■ **Task to carry out**
There are pictures in the records below; leave them out and set down exactly the lines from the one holding "디바이스 개발이 중점" through the one holding "该代码实现了一个字符串格式化".

■ **Supplied information**
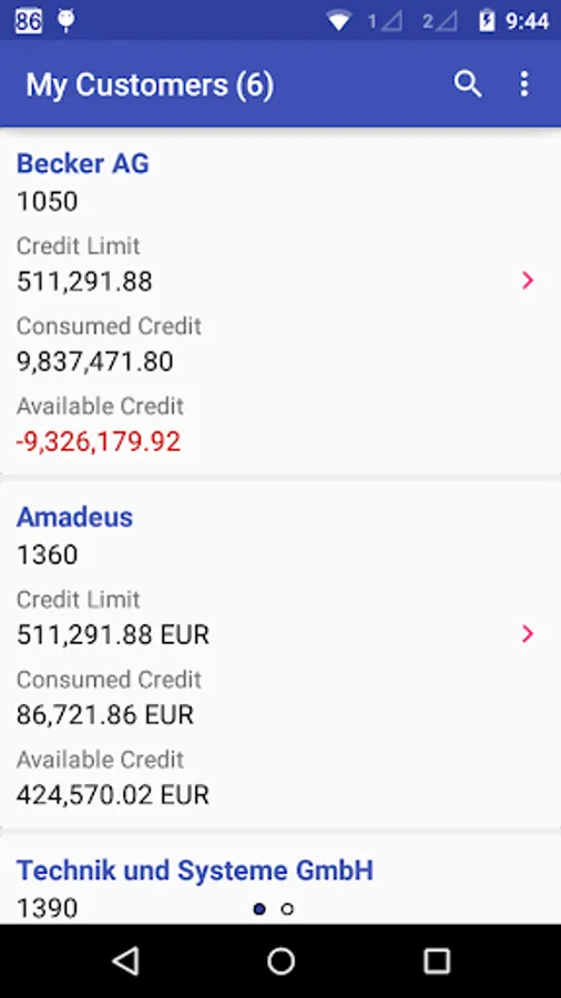 - Search for any customer in SAP and get the account receivables information - total credit available, credit used and credit remaining
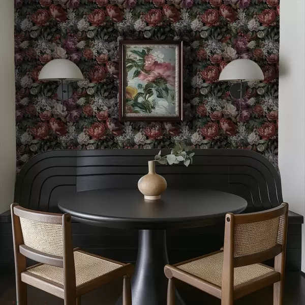 Wallpapers Dark dramatic peonies, berries and butterfly on black No. a00862
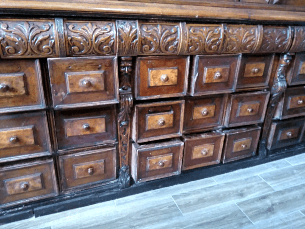 Но то, что это не простая аптека, становится понятно сразу с порога. Все из-за интерьера. Его основу составляют уже упомянутая нами старинная мебель. К примеру, стеллажи стоят на этом месте еще со времен открытия. А это было более 100 лет назад, помните? Стеллажи только отреставрировали, так что атмосферу прошлого они передают на все 200%.
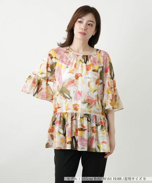 水彩タッチのボタニカル柄が、まるで絵画のように広がるブラウス。軽やかな薄手のコットン素材が空気をふくみ、フレアスリーブや裾のペプラムがふんわりと揺れて、華やかなのにどこかやさしい印象を演出します。バックネックの涙あきディテールにはボタン付きで、着脱もしやすくアクセントに。カジュアルなパンツルックにも、フェミニンなスカートコーデにも合わせやすく、一枚で着映える主役級のトップスです。
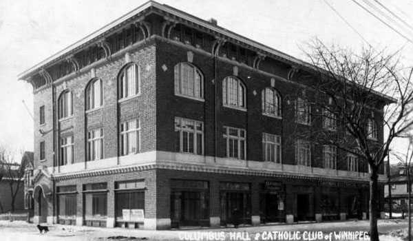 Formerly located at the southwest corner of Smith Street and Graham Avenue in Winnipeg, a four-storey brick building, measuring 70 feet by 130 feet, was designed by local architect John Danley Atchison and built in 1913 by the Frid-Lewis Company for the Knights of Columbus at a cost of about $150,000.
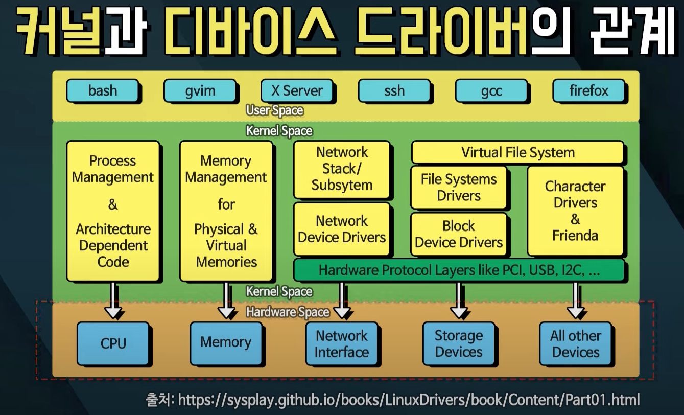 * 디바이스 드라이버 관련 개발자는 커널의 네트워크, 블록디바이스, 캐릭터 디바이스 개발이 중점
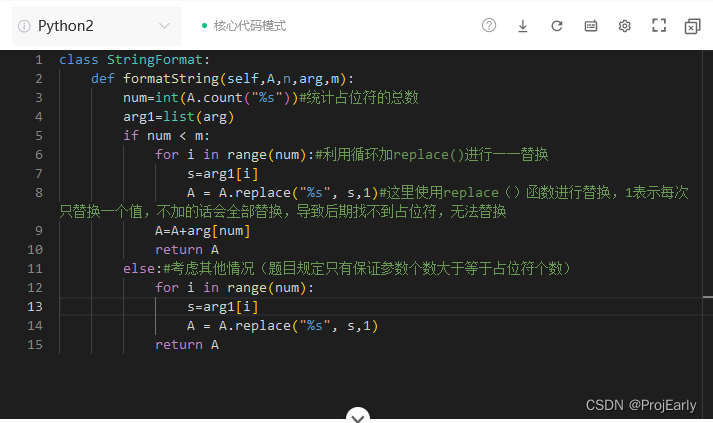 该代码实现了一个字符串格式化方法,根据给定的占位符(%s)和参数数组,将占位符替换为实际参数值。如果参数数量大于占位符,只使用占位符的数量;若等于,按顺序替换。
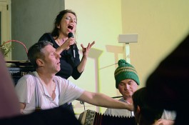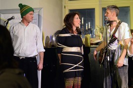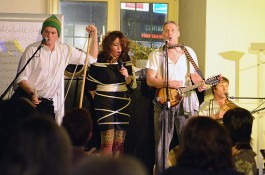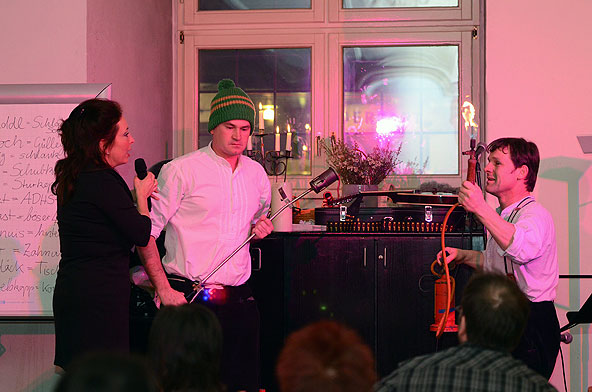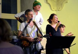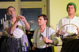 Martin Caba, Bandleader und Kopf der „Rhöner Säuwäntzt“, bewies durchweg komödiantisches Talent. Wenn er sich nicht gerade mit Marianne Blum ein urkomisches Wortgefecht lieferte, imitierte er beispielsweise mit Hilfe eines elektrischen Rasierers und „Obertongesangs“ einen Dudelsack, ahmte Grönemeyer in Rhöner Platt nach oder animierte das Publikum zu singen wie ein „tausendköpfiger Eunuchen Chor“. Seine Bandkollegen Christoph Günther (Hasenkistenbass) und Christoph Leipold (Waschbrett) unterstützen Caba (Mandoline/Gesang) nicht nur musikalisch, sondern trugen selbst durch ihre fulminante Darstellung von bauernschlau-verschrobenen Dorf-Originalen maßgeblich zur ausgelassenen und heiteren Grundstimmung im Museumscafé bei.

■ **Output**
 * 디바이스 드라이버 관련 개발자는 커널의 네트워크, 블록디바이스, 캐릭터 디바이스 개발이 중점
 该代码实现了一个字符串格式化方法,根据给定的占位符(%s)和参数数组,将占位符替换为实际参数值。如果参数数量大于占位符,只使用占位符的数量;若等于,按顺序替换。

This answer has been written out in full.